Finding Wholeness in a Broken World
Pt 2 – Getting Started
John 4:7-26; 39-45
“I just want someone to help me.” Those were the words that started this series in my heart – as the words of a young man echoed the words of so many others. Into the brokenness of this world the words of Jesus pour out like water to wanderer in the desert. “I am leaving you with a gift—peace of mind and heart. And the peace I give isn’t like the peace the world gives. So don’t be troubled or afraid.” Two longings fill our hearts in this world; the longing to be loved and the longing to be whole. Our hearts cry out that there must be something better than the brokenness that we are living in. Marriages, homes, and lives languishing in unfulfilled potential and shattered dreams. So the question we left last week with was – where do I start – how do I begin this journey to wholeness that comes with following Jesus. To answer that question let’s look at a person who started the journey.
John 4
Confront your brokenness – If you want to be whole you have to stop justifying, explaining, and rationalizing brokenness. I said last week that the most damaging lie of the enemy is “It can’t get any better than this.” I love the way Jesus handles this situation. He cuts right to the chase “If you knew who I was you would ask and I would give you a gift that you can’t imagine.” Jesus knows the thirst that is in her – he see’s her loneliness, her pain, her hearts longing. She doesn’t see it but He does. Sometimes like my old friend Henry our pain and brokenness becomes an old friend. Jesus gets right to the heart of the matter – “Go, call your husband and come here.” Two schools of thought exist 1) that she had been married and put away by her husband 5 times and now was ready to get married again. 2) that she was a woman of suspect morality having lived with many men in immoral relationships over time. It honestly doesn’t matter – the reality of her plight remains the same – her heart isn’t whole – her life isn’t whole. Jesus says let’s stop playing games and beating around the bush let’s talk about what’s holding you back. If we want to get better we have to admit we are broken. If we want our marriages to get better we have to stop blaming each other for why they are broken and start picking up the pieces. If our relationships keep falling apart we need to take a look at who we are and what our part in that is. If our children are running wild we need to stop casting blame and start looking for a better way.
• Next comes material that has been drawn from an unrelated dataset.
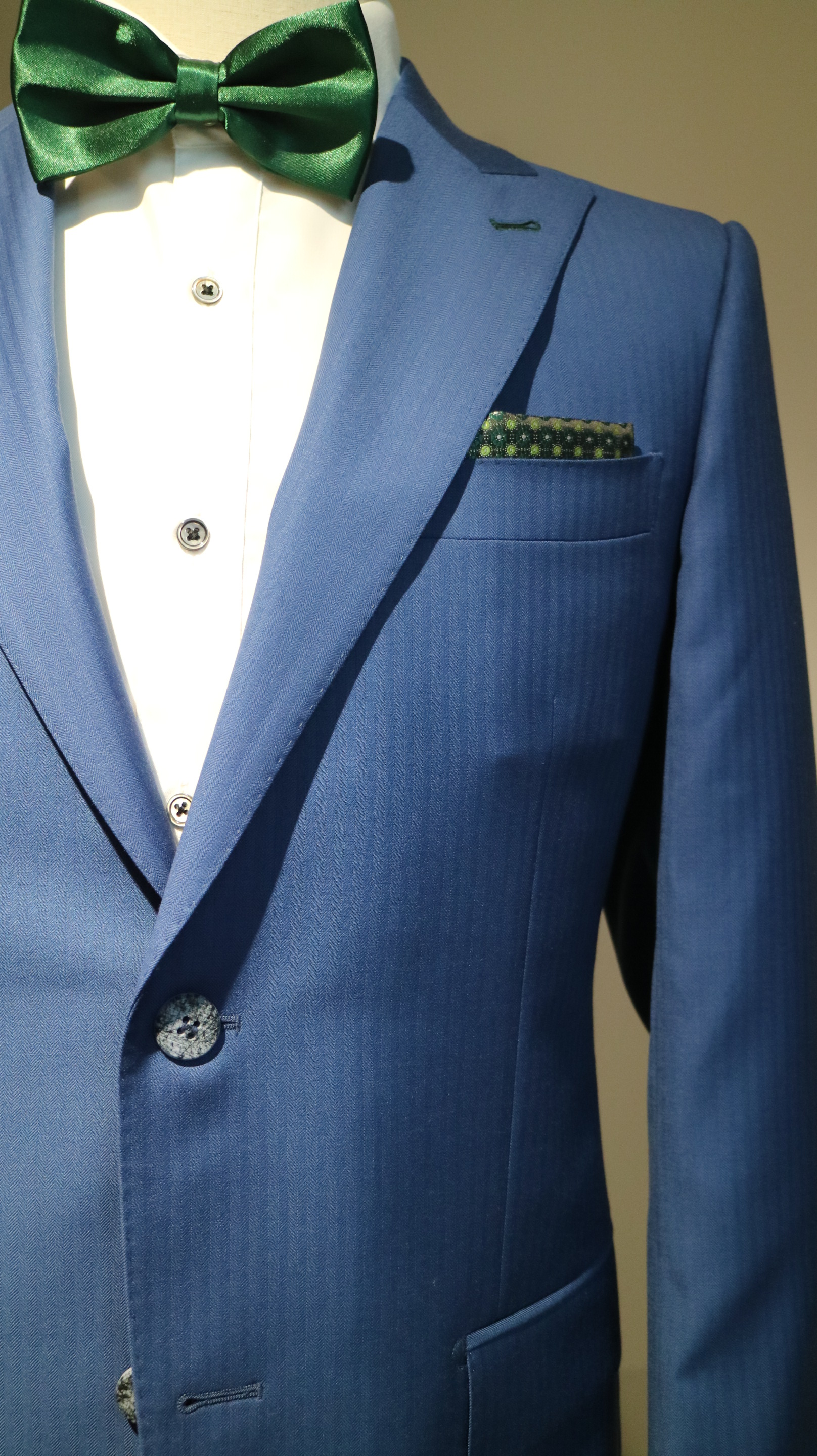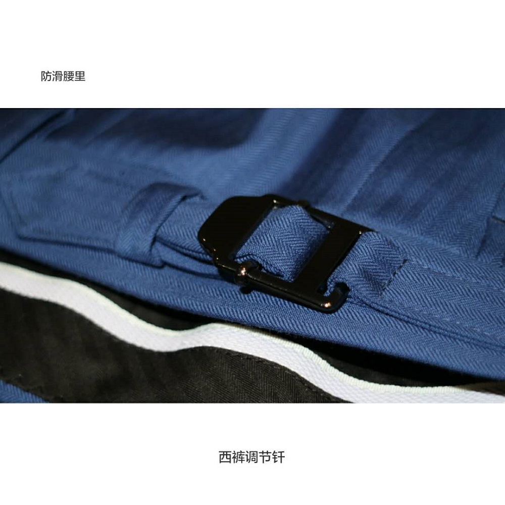 此款西服面料为蓝色暗条纹,具有修身的效果,宽宽的戗驳领型专为顾客量身打造,复古又符合潮流。袖口末粒纽扣的材质拼接设计,打破了西服以往的沉闷感。单排两粒扣,简约且有拉长身型的效果。西服内里的圆形汗托、水滴形笔袋及西服防滑带和调节钎的设计更是人性化的体现,为一般西服无法达到的工艺细节。另外,衬衣袖口的LOGO设计也是别具一格,增添光彩!

Embrace Positive Change – You can’t have it both ways. You can’t be who you are and who you want to be at the same time. The truth is that brokenness in life requires fundamental change. One of the reasons that life doesn’t get better for us is that we are so resistant to change.
The Blame Game – It’s their fault – I don’t need to change they need to change. Well maybe positive change starts with you. You cannot control what anyone else does but you can control what you do. Change begins at the place of most control.
Pride Lie – I’m fine everyone else is just stupid. Change starts in the mirror. Take ownership of your part of the problem. Requires self-awareness – if you don’t have it get help.
Pain-o-meter – Truth is that experience tells us that “people change when the pain of remaining the same is greater than the pain of change.”
We have been created for more than this. Jesus offers us life and wholeness that are not found as a last resort. No one can keep you from being all that God created you to be but you. If we are willing to change He can show us a better way. I have said before if you are not willing to change then get used to your life as it is. If you always do what you’ve always done you will always get what you’ve already got.
Move – your desire must direct your actions. 5 frogs on a log. Desire is not enough. It’s not enough to want to be whole. It’s not enough to want things to get better. You have to make them better. Wholeness is not going to sneak up and grab you. Our desire for more must be married to actions that produce more. Our desire for change must be married to actions that illicit change. Stop letting life happen to you and begin to live life as it was intended to be lived. Jesus says to broken people – follow me. Stop following you and start following me. Things will not get better until you begin to move.